Exercise directions: Restate the lines word for word, from the first line of the records through the line containing "Figure 3. BAM". Leave out the pictures and anything after that line.

Raw data:
--------------------------------------------------

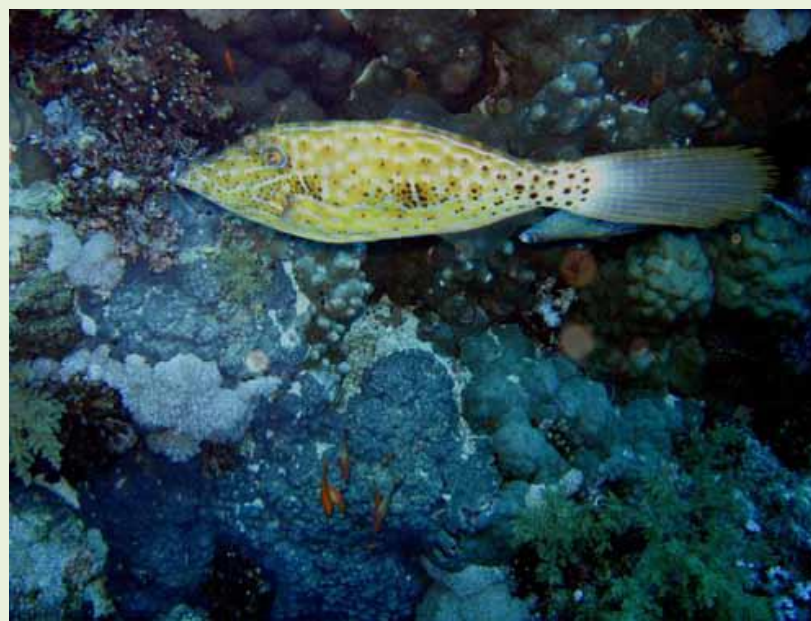
A File Fish, odd looking creatures
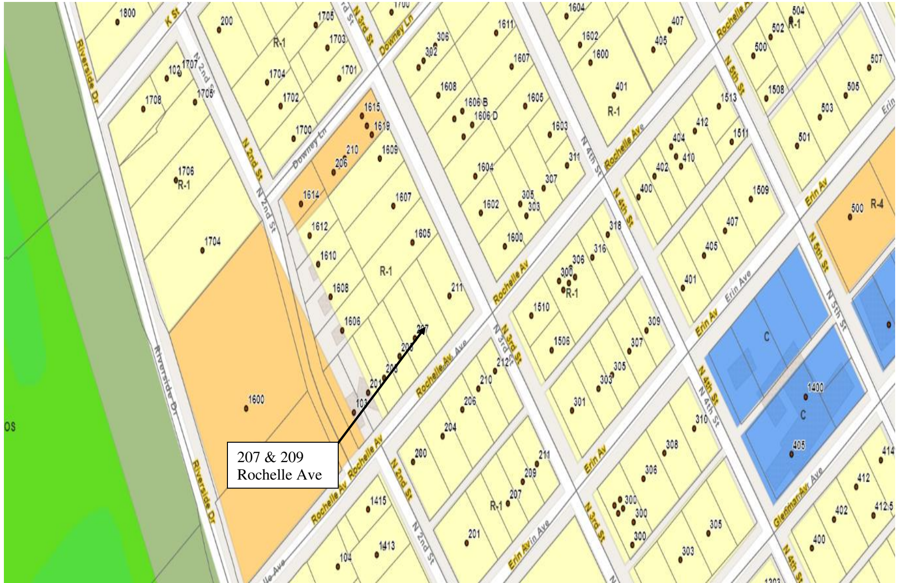
IMAGE OF ZONING AND SITE IS LOCATION
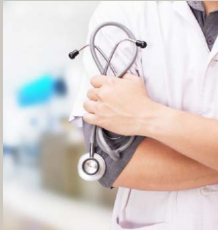
HEALTH & WELLNESS
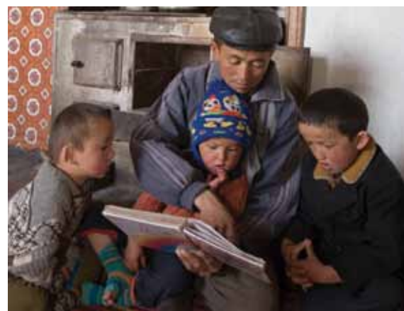
The study in Kyrgyzstan showed that there was a cumulative advantage for children with both ECD experience and access to mini-libraries.

Impact: The ECD centres, mini-libraries and accompanying parent workshops have been in increasing demand by parents. The Ministry of Education has purchased many of the books developed by AKF for distribution to schools and kindergartens nationwide. A pre-school law which passed in 2010 fully endorsed the alternative models developed by AKF and others. Operational costs are met primarily by government with communities providing the balance.
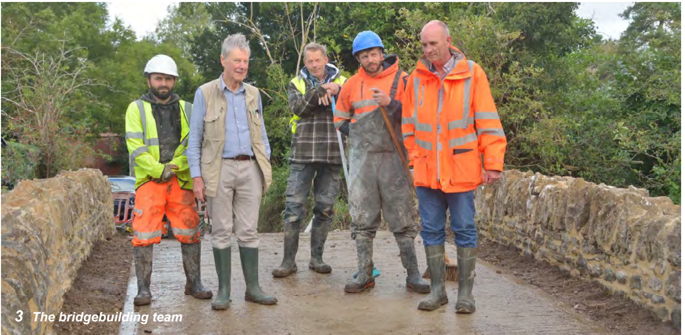
3 The bridgebuilding team
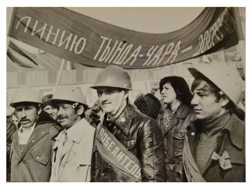
Figure 3. BAM builders with slogans at a demonstration.
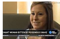
Pregnant woman delivers early after venomous s... Sep 18, 2013
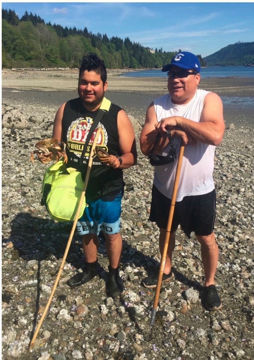
Figure 5. Crab fishers.

of them. The other family is the two guys that were out. Their sister - she never stopped living off the beach and she suffered with cancer for years and years. . . . We can't prove that it was the beach - but I want to ensure that their stories are told and never forgotten.
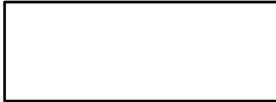
Figure 1: Name of Picture

Source: Author’s Last name OR Organization’s name (Year, Page number OR Online) Khomani (2017, p. 137)
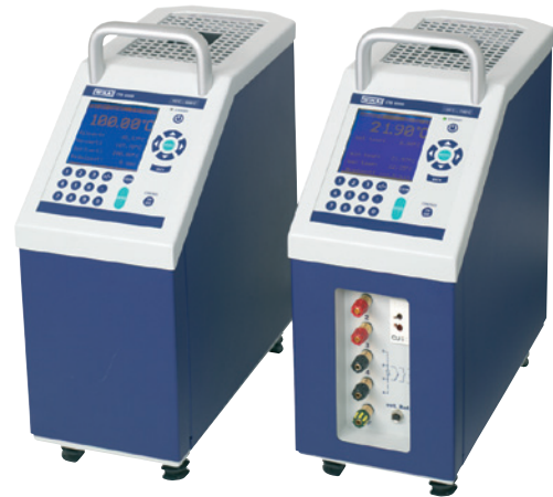
Model CTD9300 temperature dry well calibrators

--------------------------------------------------

Expected answer:
A File Fish, odd looking creatures
IMAGE OF ZONING AND SITE IS LOCATION
HEALTH & WELLNESS
The study in Kyrgyzstan showed that there was a cumulative advantage for children with both ECD experience and access to mini-libraries.

Impact: The ECD centres, mini-libraries and accompanying parent workshops have been in increasing demand by parents. The Ministry of Education has purchased many of the books developed by AKF for distribution to schools and kindergartens nationwide. A pre-school law which passed in 2010 fully endorsed the alternative models developed by AKF and others. Operational costs are met primarily by government with communities providing the balance.
3 The bridgebuilding team
Figure 3. BAM builders with slogans at a demonstration.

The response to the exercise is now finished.